On 2017.09.22 at 13:54 +0200, Peter Zijlstra wrote:
> On Fri, Sep 22, 2017 at 11:35:33AM +0200, Markus Trippelsdorf wrote:
> > > It seems to work. Simply returning "I (idle)" from get_task_state() in
> > > fs/proc/array.c when the state is TASK_IDLE does the trick.
> > > I've tested top, htop and ps.
>
> I ended up with the below; there was quite a lot of inconsistent state
> printing around it seems.
>
> I should probably split this thing into a bunch of patches :/
>
> Alongside an explicit idle state, this also exposes TASK_PARKED,
> although arguably we could map that to idle too. Opinions?

Looks good to me and works as expected.
Many thanks.

--
Markus

2017-09-22 14:12:51

by Steven Rostedt

[permalink] [raw]
Subject: Re: [RFC][PATCH] sched: Cleanup task->state printing

On Fri, 22 Sep 2017 13:54:30 +0200
Peter Zijlstra <[email protected]> wrote:

> I should probably split this thing into a bunch of patches :/

Yes please. Convert form dec to hex in one patch and one patch only.

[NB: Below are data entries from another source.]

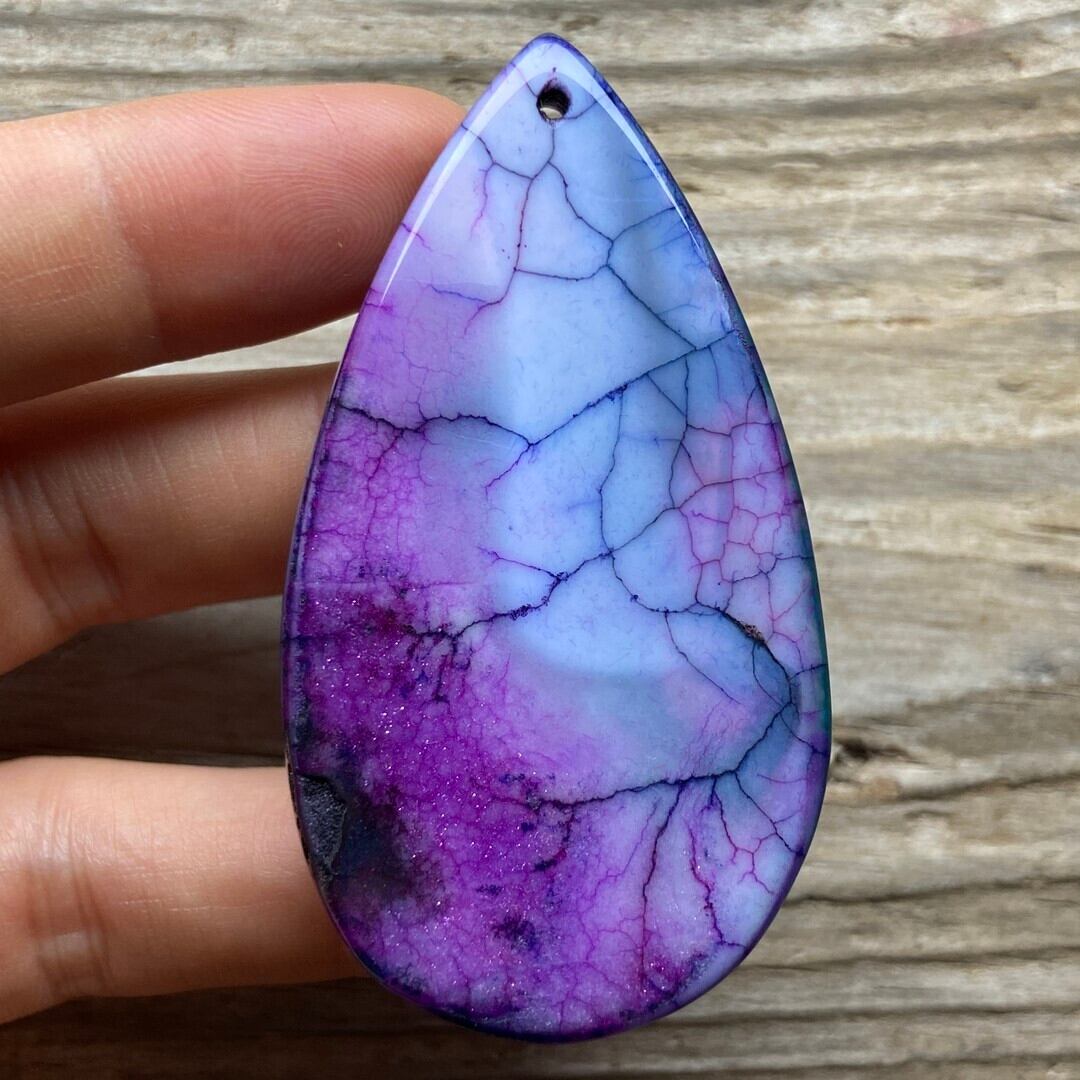 こちらのアゲートの模様は、竜の鱗の様に見えることから『ドラゴンベイン』や『ドラゴンヴェインズ』と呼ばれるクラック加工がされており、カラフルな色味は染色によるものです。
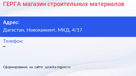 ГЕРГА, магазин строительных материалов по адресу Дагестан, Новокаякент, МКД, 4/17 в дальнейшем Организация, размещена в следующих категориях:
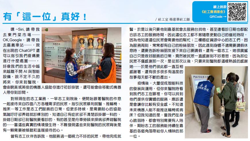 因為他知道這位民眾會需要他的幫忙;二樓癌症資源中心的志工們,因
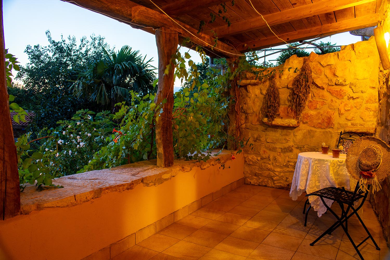 Alles ist geschützt durch eine größe überdachte Schattenterrasse, ca. 12x6m Groß, dass mit einem Tisch und mehreren Stühlen ausgestattet ist. Über großem Steingrill (ca. 1,80m lang) und eine Außendusche, ebenfalls in typisch kroatischen Still mit Steinausführung kommt man zum Schauplatz des Lapidariums: Mittelalterliche Amphitheater des Wellness Oase Lapidarium. Aus Steinblocken die zum Teil mehrere Tonnen wiegen hat man hier vor hunderte Jahren ein Schauplatz gebaut. Heute ist das Teil von Lapidarium auf Insel Krk.
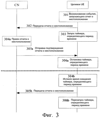Фиг.3 – диалоговая блок-схема передачи целевым UE отчета о местоположении в CN, в соответствии с предпочтительным вариантом осуществления настоящего изобретения.
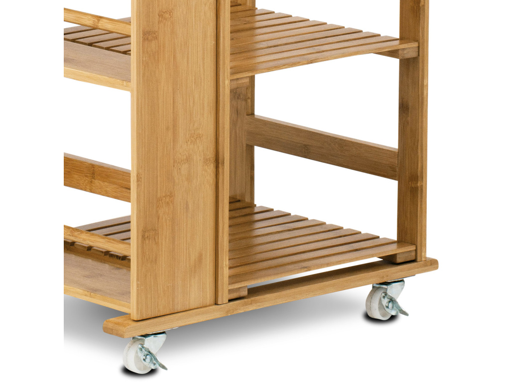 Servírovací stolek / regál, policový, masiv bambus, přírodní odstín, pojezd - DR-046
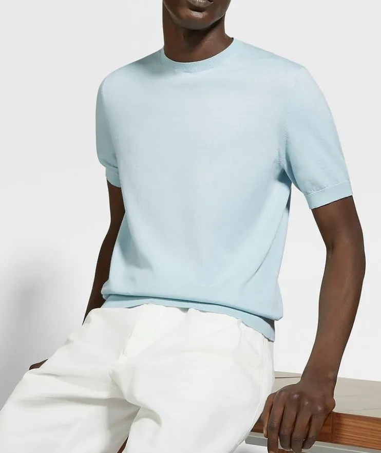 - Superior materials make all the difference in this short-sleeve t-shirt finely knit is luxuriously soft, resilient, and breathable cotton. This elevated essential is finished off with the classic ribbed trim.
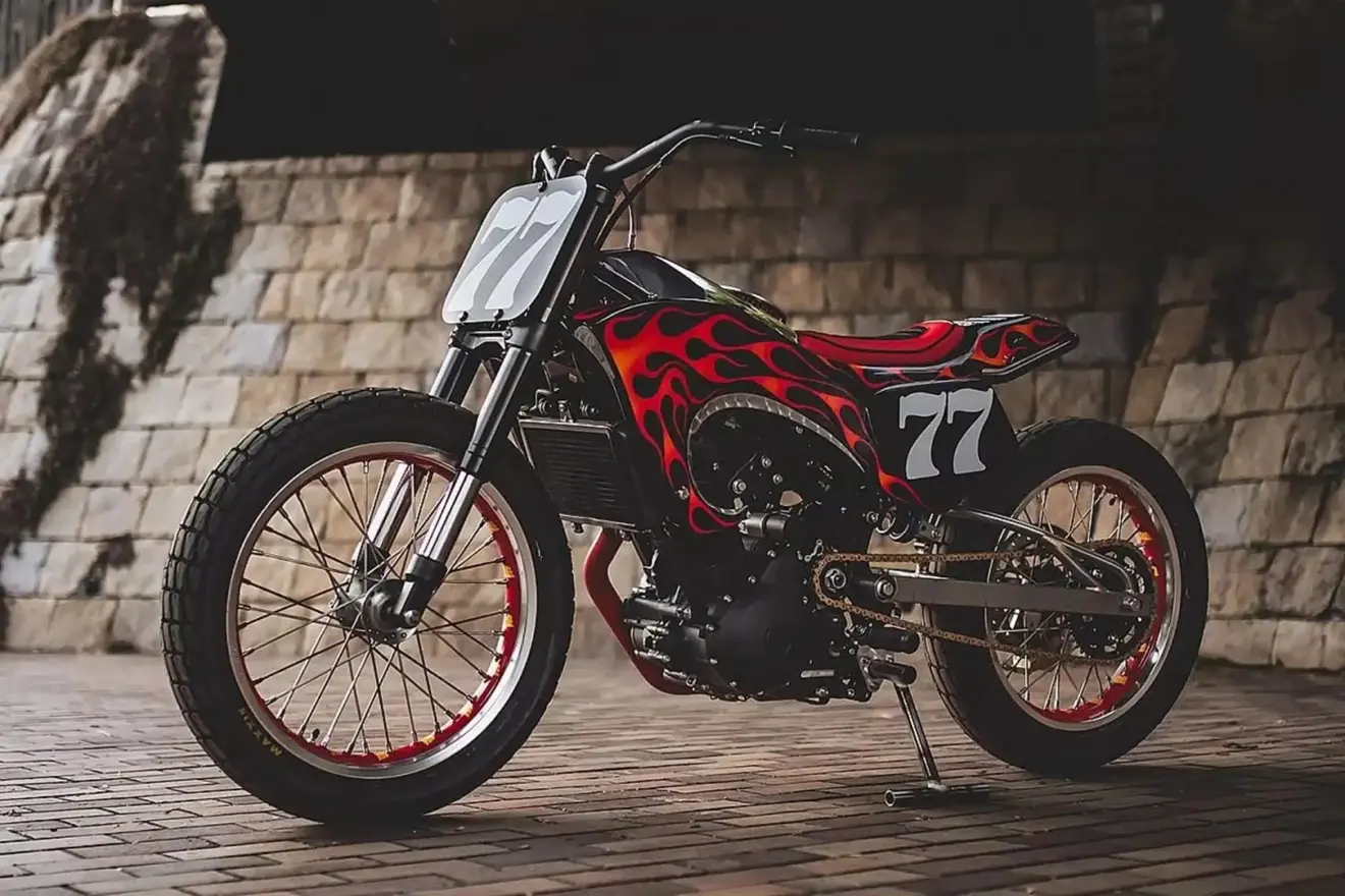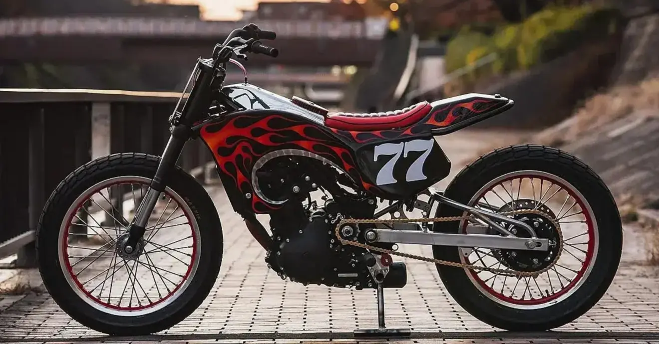 A inspiração vem diretamente das flat tracks americanas dos anos 70, período em que simplicidade, leveza e agressividade visual eram elementos centrais. Essa referência aparece de forma clara nas linhas enxutas, no porte compacto e na postura racing da moto.

Because I'm not sure if you meant to change numbers or not.


> /* Used in tsk->state again: */
> -#define TASK_DEAD 64
> -#define TASK_WAKEKILL 128
> -#define TASK_WAKING 256
> -#define TASK_PARKED 512
> -#define TASK_NOLOAD 1024
> -#define TASK_NEW 2048
> -#define TASK_STATE_MAX 4096
> +#define TASK_PARKED 0x0040
> +#define TASK_REPORT_MAX 0x0080
>
> -#define TASK_STATE_TO_CHAR_STR "RSDTtXZxKWPNn"
> +/* Not in TASK_REPORT: */
> +#define TASK_DEAD 0x0080

TASK_DEAD went from 64 to 128 (0x40 to 0x80)

As well as all the defines below that. Was this on purpose?

> +#define TASK_WAKEKILL 0x0100
> +#define TASK_WAKING 0x0200
> +#define TASK_NOLOAD 0x0400
> +#define TASK_NEW 0x0800
> +
> +#define TASK_STATE_MAX 0x1000

-- Steve

2017-09-22 15:56:53

by Peter Zijlstra

[permalink] [raw]
Subject: Re: [RFC][PATCH] sched: Cleanup task->state printing

On Fri, Sep 22, 2017 at 10:12:45AM -0400, Steven Rostedt wrote:
> On Fri, 22 Sep 2017 13:54:30 +0200
> Peter Zijlstra <[email protected]> wrote:
>
> > I should probably split this thing into a bunch of patches :/
>
> Yes please. Convert form dec to hex in one patch and one patch only.

Yeah, was already on it, did more cleanups too.

> Because I'm not sure if you meant to change numbers or not.
>
>
> > /* Used in tsk->state again: */
> > -#define TASK_DEAD 64
> > -#define TASK_WAKEKILL 128
> > -#define TASK_WAKING 256
> > -#define TASK_PARKED 512
> > -#define TASK_NOLOAD 1024
> > -#define TASK_NEW 2048
> > -#define TASK_STATE_MAX 4096
> > +#define TASK_PARKED 0x0040
> > +#define TASK_REPORT_MAX 0x0080
> >
> > -#define TASK_STATE_TO_CHAR_STR "RSDTtXZxKWPNn"
> > +/* Not in TASK_REPORT: */
> > +#define TASK_DEAD 0x0080
>
> TASK_DEAD went from 64 to 128 (0x40 to 0x80)
>
> As well as all the defines below that. Was this on purpose?

Yes, was on purpose. I moved TASK_PARKED up, such that I could include
it in the TASK_REPORT mask and keep that contiguous.